Mr. Tsipras, after seeing his hopes of a compromise fade this month, is considering the option of snap elections, Greek officials say. He hasn’t made a decision and is expected to review the state of talks in January, the officials say. If Mr. Tsipras calls elections, the likely outcome would be the end of the left-wing Syriza party’s turbulent two years in government.
Any successor government would also have difficulty meeting the IMF’s tough conditions. The IMF on Monday made public its demand for Athens to legislate several years of austerity measures upfront—a position supported by German officials who are critical of Greece’s record at implementing economic overhauls.
Germany wants the IMF to rejoin the Greek bailout as a lender to enforce overhauls strictly. The IMF hasn’t lent Greece money since 2014, citing both a lack of credible policy plans and the unsustainability of Greece’s mountain of debt.
The IMF argues that Greece should be given easier fiscal goals, but that more austerity is needed if Europe insists on targeting a Greek budget surplus, excluding interest, of 3.5% of gross domestic product. The IMF’s tough fiscal assessment, and Germany’s reluctance to talk about substantial debt relief, has left Mr. Tsipras facing an unpalatable prospect: all stick, no carrot.
Mr. Tsipras is due to meet German Chancellor Angela Merkel in Berlin on Friday, where Greek officials say he will urge her to understand the political limits to the extra fiscal pain he can inflict on a Greek society worn out by years of deep retrenchment.
The chancellor, however, has long avoided getting drawn into the substance of Greece’s bailout terms, preferring to outsource such negotiations to the IMF and European Union institutions.
The Greek debt crisis has been relatively quiescent since the drama of summer 2015, when Greece nearly tumbled out of the euro after Syriza confronted the German-led creditors. But the risk for another collision returned this month after Athens failed to gain hoped-for concessions from eurozone finance ministers on Dec. 5.
Instead of a compromise on Greece’s budget measures that would unlock fresh financing and debt discussions, the meeting showed the depth of differences between Athens and its lenders, especially the IMF. Finance chiefs approved some debt-relief measures, but the IMF was unconvinced by Greece’s fiscal and labor-market policies.
Two days later, Syriza’s leadership committee decided on the fiscal gifts to pensioners and Aegean islanders. The step was widely seen as currying favor with key voter groups ahead of possible elections in 2017.
The popular pre-Christmas gifts succeeded in cornering Greece’s conservative opposition, which has stumbled over whether to back them and in the end abstained from voting. But the moves backfired with the eurozone. It froze the debt-relief measures agreed to on Dec. 5 after Germany complained.
On Tuesday, Syriza angrily hit out at the IMF’s demands for extra belt-tightening.
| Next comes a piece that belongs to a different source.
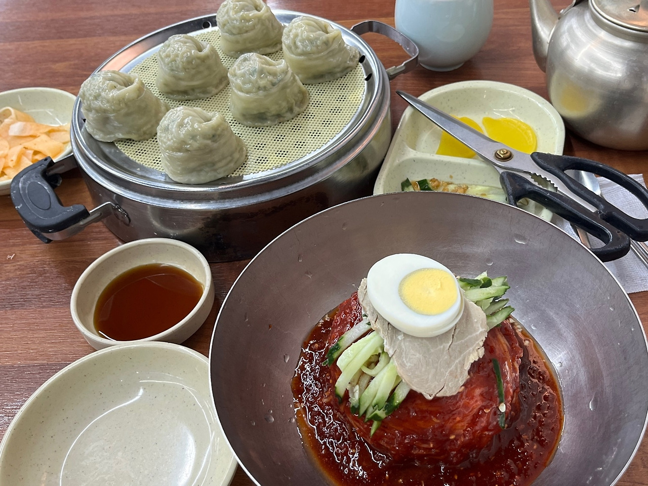 누가 부산에 왔으면 국밥과 밀면을 먹어야 한다는 말이 떠올랐다. 혼밥을 못하는 건 아니지만, 굳이 사람 많은 식당에 혼자 가 식사를 하는 스타일이 아니라 조금 고민이 되었다. 하지만 이때가 아니면 또 언제 지역 맛집을 갈까 싶어 역 근처에 밀면으로 유명한 식당을 찾아갔다. 평일이었어도 사람들이 북적거렸고 나는 그 틈 사이에서 혼자 4인용 테이블을 차지하여 밀면 한 그릇과 만두 한 판을 시켜 먹었다. 앞자리에 같이 앉는 사람이 없으니 가끔 다른 테이블 손님이랑 눈이 마주치곤 했는데, 그게 민망해 눈을 내리깔고 먹으면서도 언제가 부터는 당당하게 주변 사람들을 구경하며 먹었다. 가족과 함께 온 사람, 연인과 함께 온 사람, 또 나처럼 혼자 온 사람 등등... 다양한 집단의 사람들이 함께 나와 같이 부산의 맛을 즐겼다.

Mr. Tsipras, without expressly naming the fund, denounced “technocrats—I’d call them fools” whose fiscal forecasts had often been wrong.
Brussels-based European institutions, such as the European Commission, also took issue with the Washington-based fund. But in Germany, the eurozone’s dominant power, policy makers had no problem with the IMF’s demands toward Greece, and reserved their anger for Mr. Tsipras.
Later on Thursday, the institutions monitoring the bailout said Greece’s measures raise serious concerns, according to a European Central Bank spokesman, but wouldn’t undermine bailout targets so long as they are temporary. Eurozone governments will decide how to proceed, the spokesman said.